What is being asked
From the first line to the last, restate the material word for word, omitting pictures.

The data
+++++

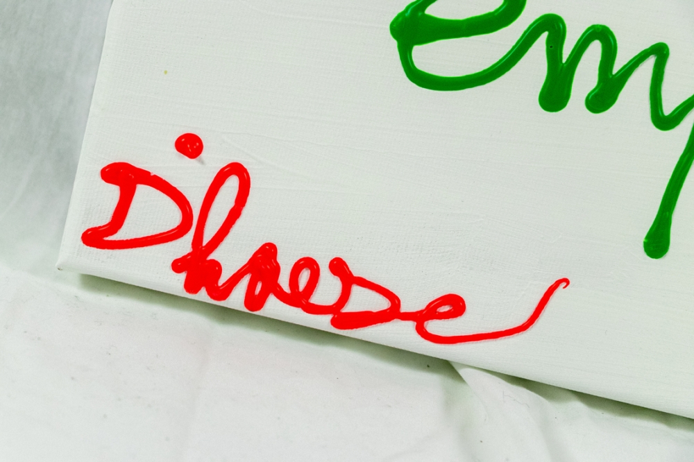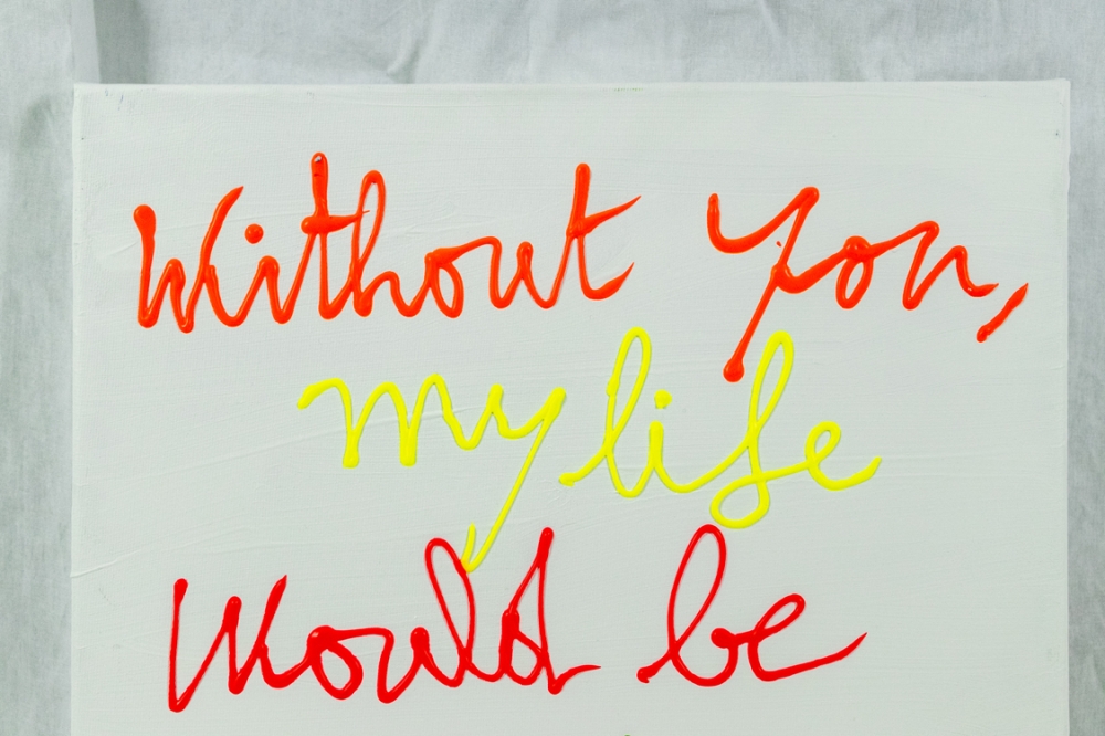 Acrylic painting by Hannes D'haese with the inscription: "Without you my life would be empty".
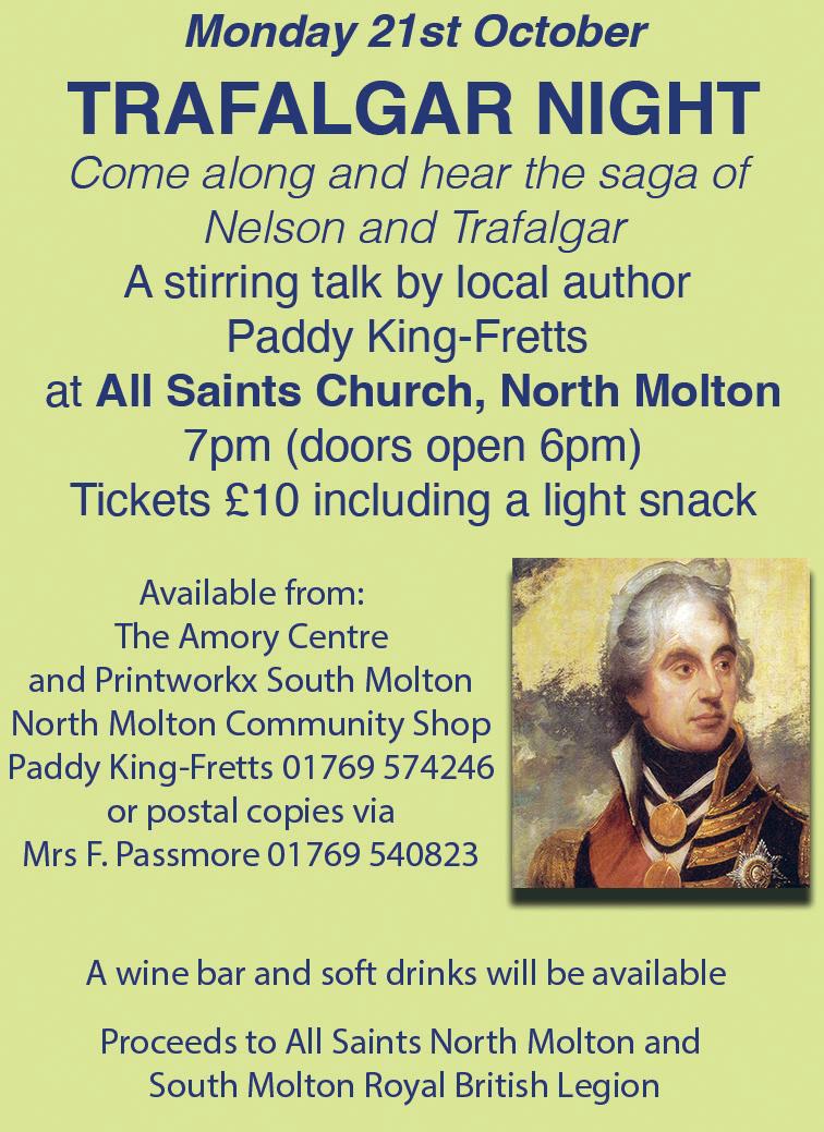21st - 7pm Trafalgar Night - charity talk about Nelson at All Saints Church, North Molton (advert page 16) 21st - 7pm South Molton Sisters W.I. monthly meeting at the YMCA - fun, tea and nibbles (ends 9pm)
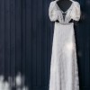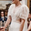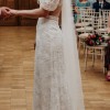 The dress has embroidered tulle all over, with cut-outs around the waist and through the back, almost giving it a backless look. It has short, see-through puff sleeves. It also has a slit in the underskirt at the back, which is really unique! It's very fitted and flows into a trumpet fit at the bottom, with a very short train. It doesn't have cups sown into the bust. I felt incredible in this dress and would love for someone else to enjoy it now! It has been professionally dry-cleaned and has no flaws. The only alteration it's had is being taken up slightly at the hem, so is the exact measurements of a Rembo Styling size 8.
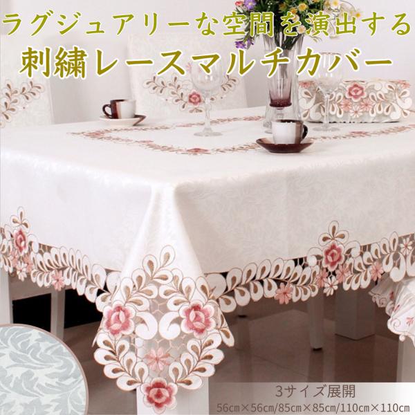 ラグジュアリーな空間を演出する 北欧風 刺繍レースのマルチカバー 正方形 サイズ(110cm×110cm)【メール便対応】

+++++

Response to the exercise
 Acrylic painting by Hannes D'haese with the inscription: "Without you my life would be empty".
21st - 7pm Trafalgar Night - charity talk about Nelson at All Saints Church, North Molton (advert page 16) 21st - 7pm South Molton Sisters W.I. monthly meeting at the YMCA - fun, tea and nibbles (ends 9pm)
 The dress has embroidered tulle all over, with cut-outs around the waist and through the back, almost giving it a backless look. It has short, see-through puff sleeves. It also has a slit in the underskirt at the back, which is really unique! It's very fitted and flows into a trumpet fit at the bottom, with a very short train. It doesn't have cups sown into the bust. I felt incredible in this dress and would love for someone else to enjoy it now! It has been professionally dry-cleaned and has no flaws. The only alteration it's had is being taken up slightly at the hem, so is the exact measurements of a Rembo Styling size 8.
 ラグジュアリーな空間を演出する 北欧風 刺繍レースのマルチカバー 正方形 サイズ(110cm×110cm)【メール便対応】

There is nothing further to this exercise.